• _DIRECTIONS_: Return exactly the lines below, starting with the one that has "Rybičky, žralok, na" and going on through the one that has "礼包售卖期间,合伙人可以完成".

• _RECORDED INFORMATION_:

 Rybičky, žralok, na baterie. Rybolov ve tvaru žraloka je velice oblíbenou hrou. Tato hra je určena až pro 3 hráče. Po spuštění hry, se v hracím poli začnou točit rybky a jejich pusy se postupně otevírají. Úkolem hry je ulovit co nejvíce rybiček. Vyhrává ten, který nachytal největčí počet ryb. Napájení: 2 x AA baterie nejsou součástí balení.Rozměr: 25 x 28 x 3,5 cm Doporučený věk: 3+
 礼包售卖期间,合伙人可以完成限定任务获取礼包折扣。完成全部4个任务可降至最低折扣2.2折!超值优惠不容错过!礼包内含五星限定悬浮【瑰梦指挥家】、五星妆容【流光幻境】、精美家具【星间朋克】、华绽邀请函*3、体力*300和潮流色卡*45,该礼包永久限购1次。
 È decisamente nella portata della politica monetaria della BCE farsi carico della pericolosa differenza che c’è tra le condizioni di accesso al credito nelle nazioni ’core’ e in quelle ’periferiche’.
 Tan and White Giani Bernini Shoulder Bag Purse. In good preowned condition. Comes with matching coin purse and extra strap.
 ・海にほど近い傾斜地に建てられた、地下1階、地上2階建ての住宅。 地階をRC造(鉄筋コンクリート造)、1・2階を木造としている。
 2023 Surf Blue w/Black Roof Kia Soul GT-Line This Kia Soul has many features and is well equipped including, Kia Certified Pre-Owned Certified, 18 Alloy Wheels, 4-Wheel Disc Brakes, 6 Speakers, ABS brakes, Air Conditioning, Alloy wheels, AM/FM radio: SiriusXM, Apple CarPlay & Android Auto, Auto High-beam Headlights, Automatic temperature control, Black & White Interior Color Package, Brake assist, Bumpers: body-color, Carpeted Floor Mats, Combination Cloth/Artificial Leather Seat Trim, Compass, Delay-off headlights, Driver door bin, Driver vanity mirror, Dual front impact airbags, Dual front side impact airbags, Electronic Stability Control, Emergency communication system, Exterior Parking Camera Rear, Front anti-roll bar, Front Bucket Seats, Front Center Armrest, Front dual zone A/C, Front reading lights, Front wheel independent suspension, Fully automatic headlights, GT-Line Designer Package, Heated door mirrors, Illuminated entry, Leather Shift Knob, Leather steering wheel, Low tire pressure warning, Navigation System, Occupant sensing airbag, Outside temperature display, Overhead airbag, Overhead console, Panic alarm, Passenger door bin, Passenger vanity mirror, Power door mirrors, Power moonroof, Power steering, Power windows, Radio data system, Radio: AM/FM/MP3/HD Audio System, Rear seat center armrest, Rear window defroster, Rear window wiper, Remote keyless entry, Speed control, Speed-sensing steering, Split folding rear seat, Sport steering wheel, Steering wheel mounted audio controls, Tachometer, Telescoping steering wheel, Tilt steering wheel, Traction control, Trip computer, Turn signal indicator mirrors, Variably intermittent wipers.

...

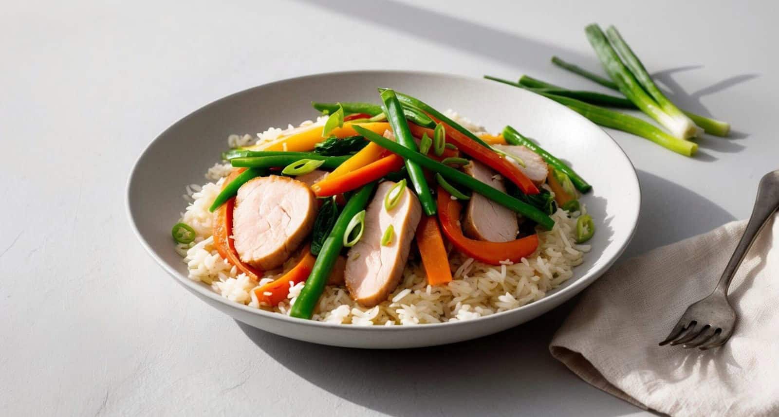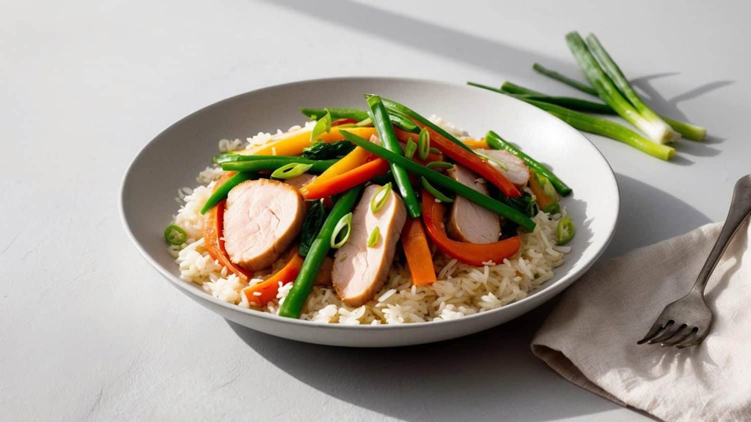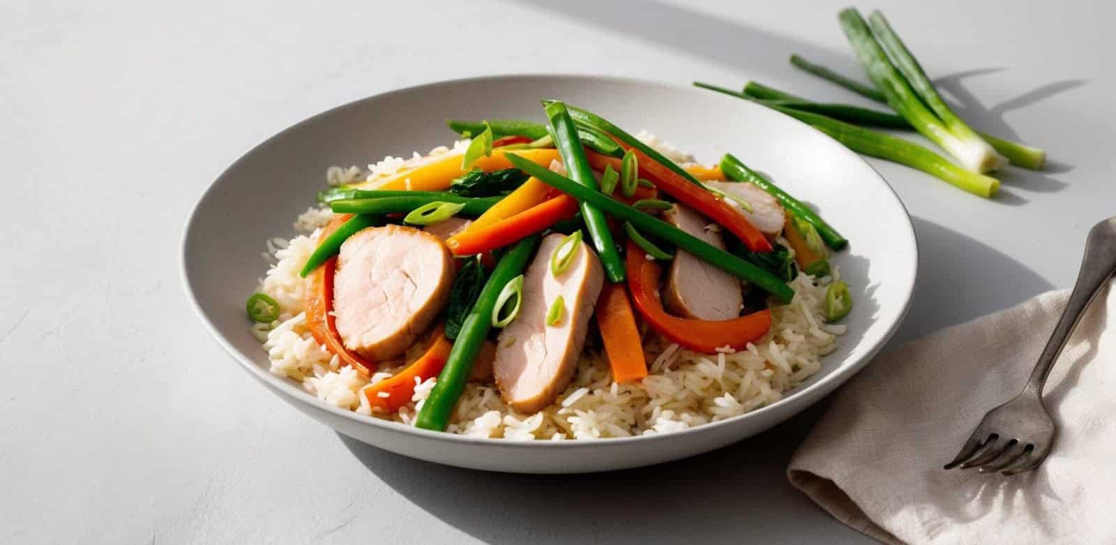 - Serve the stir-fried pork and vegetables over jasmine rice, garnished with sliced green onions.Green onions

• _RESPONSE AREA_:
 Rybičky, žralok, na baterie. Rybolov ve tvaru žraloka je velice oblíbenou hrou. Tato hra je určena až pro 3 hráče. Po spuštění hry, se v hracím poli začnou točit rybky a jejich pusy se postupně otevírají. Úkolem hry je ulovit co nejvíce rybiček. Vyhrává ten, který nachytal největčí počet ryb. Napájení: 2 x AA baterie nejsou součástí balení.Rozměr: 25 x 28 x 3,5 cm Doporučený věk: 3+
 礼包售卖期间,合伙人可以完成限定任务获取礼包折扣。完成全部4个任务可降至最低折扣2.2折!超值优惠不容错过!礼包内含五星限定悬浮【瑰梦指挥家】、五星妆容【流光幻境】、精美家具【星间朋克】、华绽邀请函*3、体力*300和潮流色卡*45,该礼包永久限购1次。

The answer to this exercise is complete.